Lea-Marie erhält Schadensersatz. Allerdings steht die Höhe noch nicht fest. Der Streitwert in dem Prozess wurde aber von 30 000 auf 80 000 Euro festgelegt. Grund sind die schlimmen Verletzungen des Kindes.

Lea-Marie erhält Schadensersatz. Allerdings steht die Höhe noch nicht fest. Der Streitwert in dem Prozess wurdeaber von 30 000 auf 80 000 Euro festgelegt. Grund sind die schlimmen Verletzungen des Kindes, die eine lebenslange Nachsorge und Beeinträchtigung nach sich ziehen. Das war am Freitag das Ergebnis in der Schmerzensgeldklage des durch die eigene Mutter misshandelten Kindes aus Teterow gegen den Ex-Landkreis Güstrow, das die 10. Zivilkammer des Landgerichtes Rostock verkündete.

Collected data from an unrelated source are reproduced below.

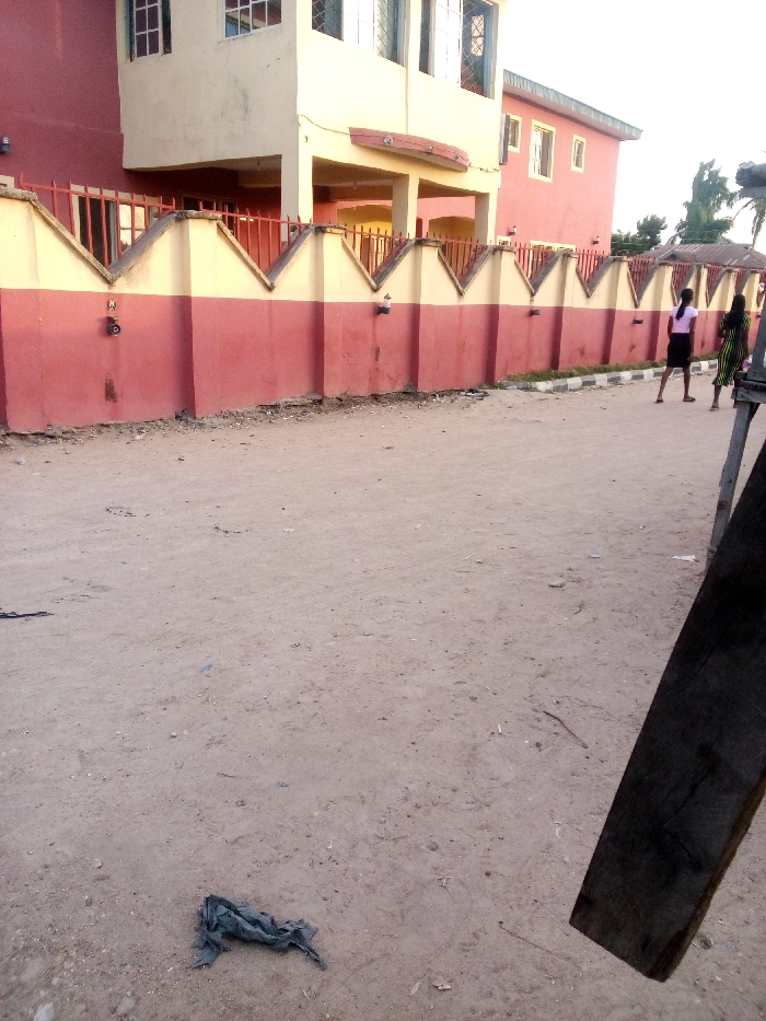 A two-story building stands behind a fence painted red and yellow. Two figures walk along the sidewalk next to the fence. The street in front of the building is dirt and gravel. A piece of black plastic sits in the foreground, and a piece of dark wood is partially visible on the right side of the image. The sky is slightly overcast.
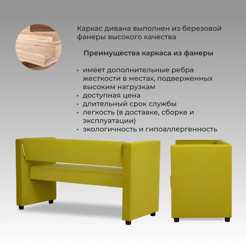 Прямой диван Берри желтый, велюр, для дома, офиса Divan24 информация: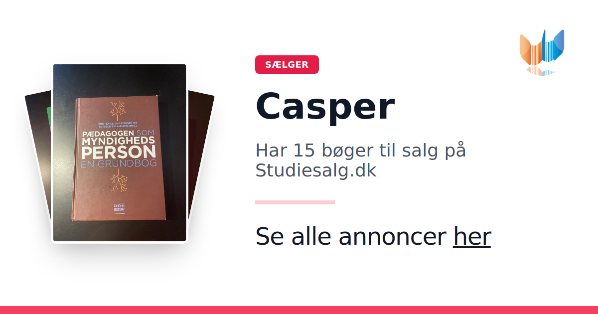 Sæt dine bøger gratis til salg på Studiesalg.dk. Det er tager få minutter, og vi står for betaling og fragt når de bliver solgt.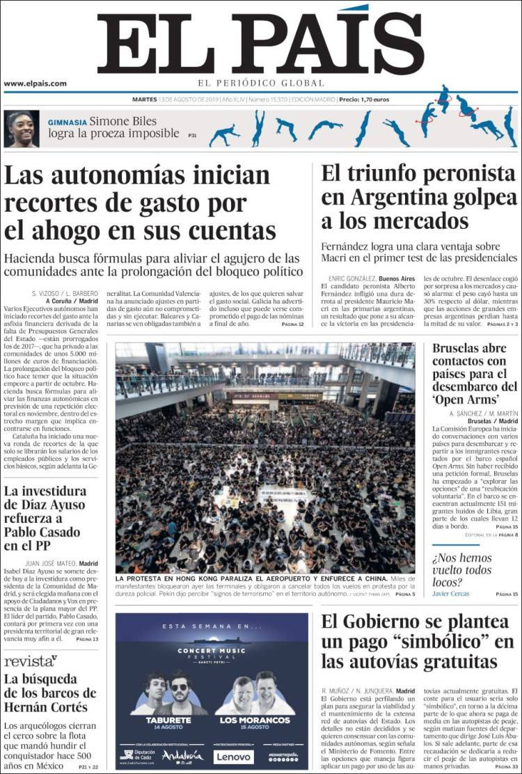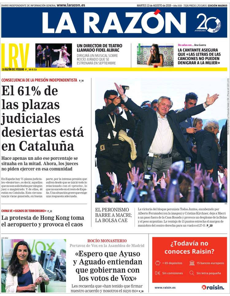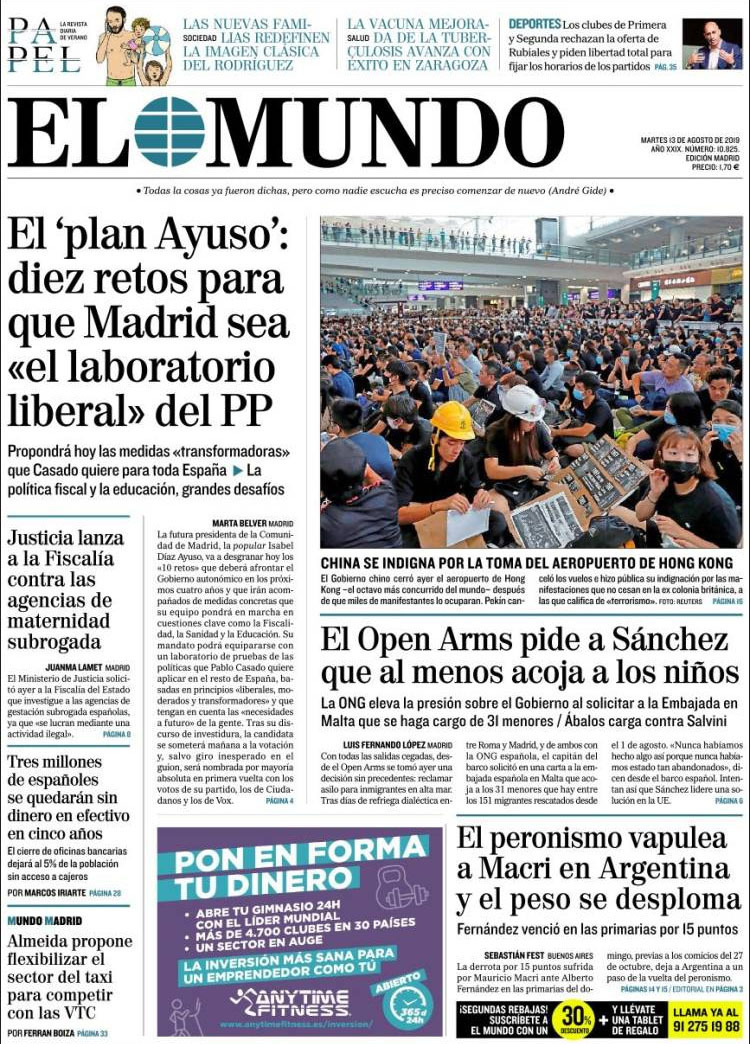 Principales portadas de hoy 13 de Agosto de 2019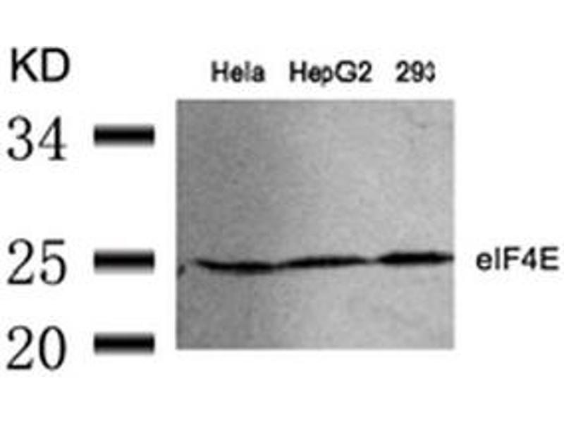 EIF4E, a protein modulates translation of maternal mRNAs in early embryos before the onset of zygotic transcription. eIF4E also influences the overall rate of translation. eIF4E binds to the 7 methyl GTP cap structure of eukaryotic mRNAs. Phosphorylation of eIF4E on serine 209 regulates the affinity of this protein for the 7 methyl GTP cap and/or RNA. Phosphorylation also enhances the interaction of eIF4E with eIF4G, which form a complex known as eIF4F. eIF4E phosphorylation is correlated with increased translational rate in a number of cell types. Several kinases are currently being investigated as potential regulators of eIF4E including PKC and/or the MAP kinase activated Mnk.Synonyms: EIF-4E, EIF4EL1, EIF4F, Eukaryotic translation initiation factor 4E, eIF-4F 25 kDa subunit, mRNA cap-binding protein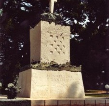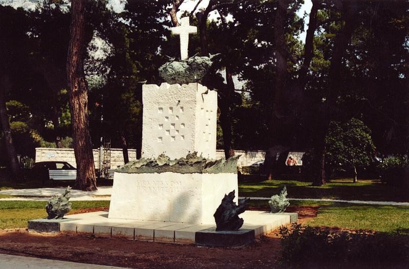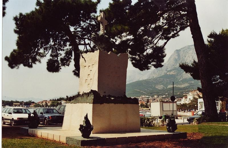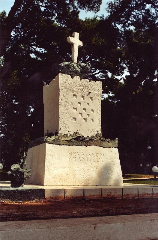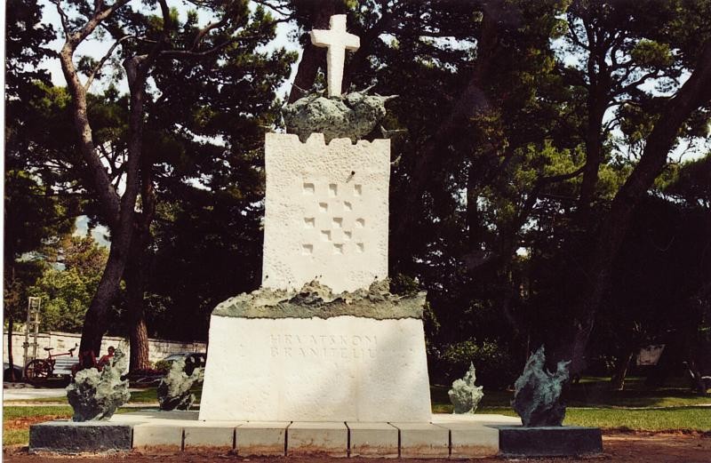 - the creation and installation of the monument to the Croatian defenders in Makarska is one of the most demanding and significant projects completed by our workshop in the field of monuments, sculpture and public spaces. This monument to the defenders, made according to the scale model by the academic sculptor Kuzma Kovačić, was at the time of its installation the central monument to the defenders for the entire Dalmatian region, giving it strong symbolic and memorial importance. The process of creating the monument from the model was extremely challenging due to its size and complexity. The monument is made from two monumental blocks of stone, carefully selected and shaped in our workshop. Each block has a slightly irregular geometric form, giving the entire composition a dynamic and monumental presence. The stone surface is hand-carved, with special attention to textures and transitions. The forms are not fully realistic; instead, they appear to emerge softly from the stone itself, adding a sculptural depth and spiritual dimension. The central motif is the stylised Croatian chequerboard, whose elements blend gently into the stone surface, symbolising tradition, identity, and the sacrifice of Croatian defenders. In addition to stone, the monument includes bronze elements, creating a harmonious relationship between the materials and reinforcing the artistic value of the original concept. The installation of the monument was particularly demanding. Due to the enormous weight and size of the stone blocks, the largest cranes available at the time had to be used. The logistics required great precision, and even part of the surrounding trees had to be temporarily removed to allow the blocks to be safely lowered into position. Our workshop led the entire installation process, ensuring perfect structural stability and aesthetic coherence. The ceremonial unveiling of the monument to the Croatian defenders in Makarska was a significant event for the city and the wider region. The monument became a place of remembrance, respect and gathering, as well as a clear example of how creating a monument from a scale model can result in a powerful work of public sculpture. This project represents a strong union of craftsmanship, art and honour, and remains one of the most representative examples of our workshop’s work on major public monuments.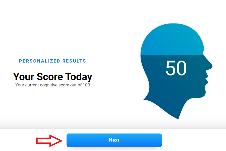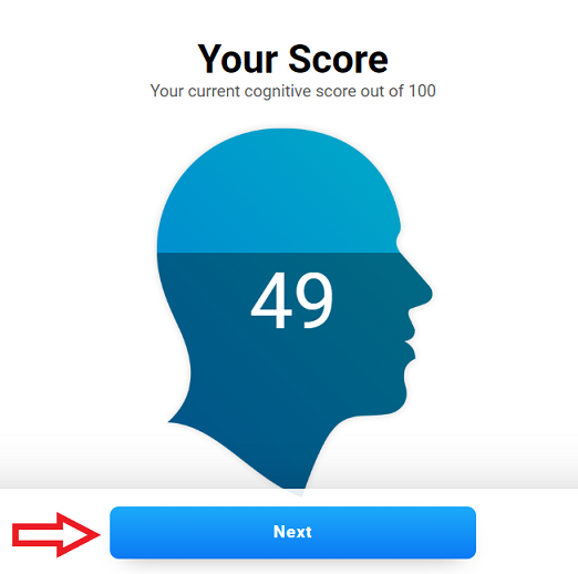 By clicking the Next button, the patient will see a score for each cognitive ability assessed during the test. Scroll to the bottom of the page to see all scores.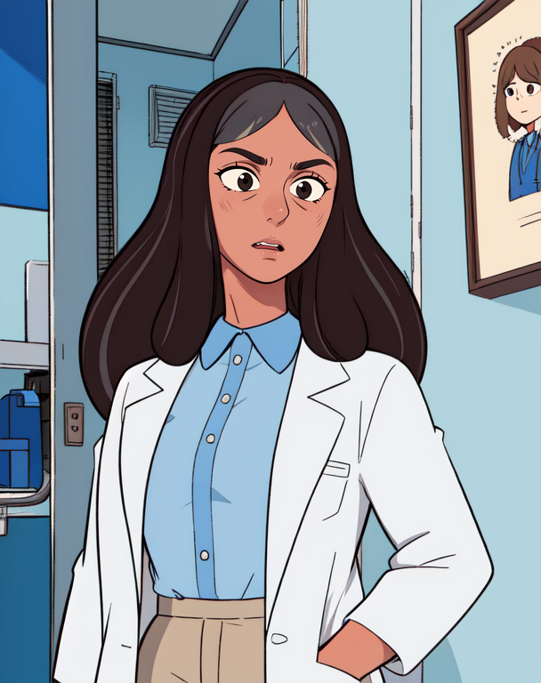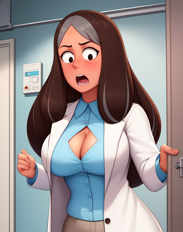 priyanka, 茶色の髪、グレーのストライプ入り髪、黒い目、長い髪、-- 半開きの目、アニメ風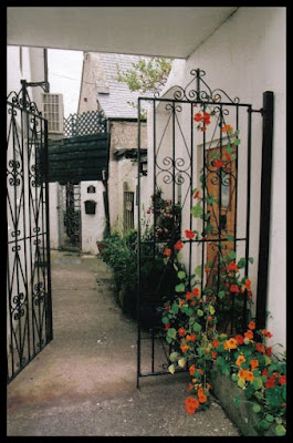 A fabulous weather boarded house with porch and veranda, a top floor containing windows with shutters, some brick masonry and beautifully overgrown with various trees and plants. It's an absolute delight and somewhere I would love to live...after it's been renovated, of course. :)

Der heute zehnjährigen Lea-Marie steht Geld vom 9. Juli 2003 bis 12. Juni 2006 zu (siehe „Der Fall: Chronologie). Der Landkreis sei zudem verpflichtet, dem Kind alle weiteren materiellen und immateriellen Schäden aus dem Vorfall der fahrlässigen Körperverletzung zu ersetzen, soweit sie nicht auf Sozialversicherungsträger übergegangen seien, heißt es in der Urteilsbegründung.

Für die Kammer gibt es keinen Zweifel daran, dass der Landkreis durch eine seiner Jugendamtsmitarbeiterinnen eine Pflichtverletzung begangen hat, für die der Kreis haftet. Die Mitarbeiterin sei verpflichtet gewesen, dem Hinweis der Demminer Kinderärztin vom 31. Mai 2003 auf die häufigen Verletzungen des Kindes nachzugehen, die Information an die zuständige Mitarbeiterin verlässlich weiterzugeben, so dass Hausbesuche bei der Mutter des Kindes hätten veranlasst werden können. Ein Einschreiten des Jugendamtes sei wegen des ärztlichen Hinweises geboten gewesen. Das Gericht geht davon aus, dass die Mutter zunächst weitere Verletzungshandlungen unterlassen hätte. „Die überforderte Mutter hätte die Hilfe des Jugendamtes bei der Erziehung angenommen, so dass es zu weiteren eskalierenden Handlungen nicht gekommen wäre“, war sich der Vorsitzende Richter sicher. Jedenfalls sei anzunehmen, dass den Jugendamtsmitarbeitern bei weiteren Hausbesuchen auch die körperlich schlechte Verfassung des damals zweijährigen Kindes aufgefallen wäre, so der Richter weiter.

Das Urteil ist noch nicht rechtskräftig. Es wird damit gerechnet, dass der Landkreis Berufung beim Oberlandesgericht gegen dieses Urteil einlegen wird. Erst danach wird über die Höhe des Schmerzensgeldes entschieden.
Der Vorsitzende Richter machte aber gestern klar, dass keine Verjährung vorliegt und die Ärzte des Demminer Krankenhauses nicht mehr belangt werden können. Das waren Punkte, mit denen der Landkreis argumentierte.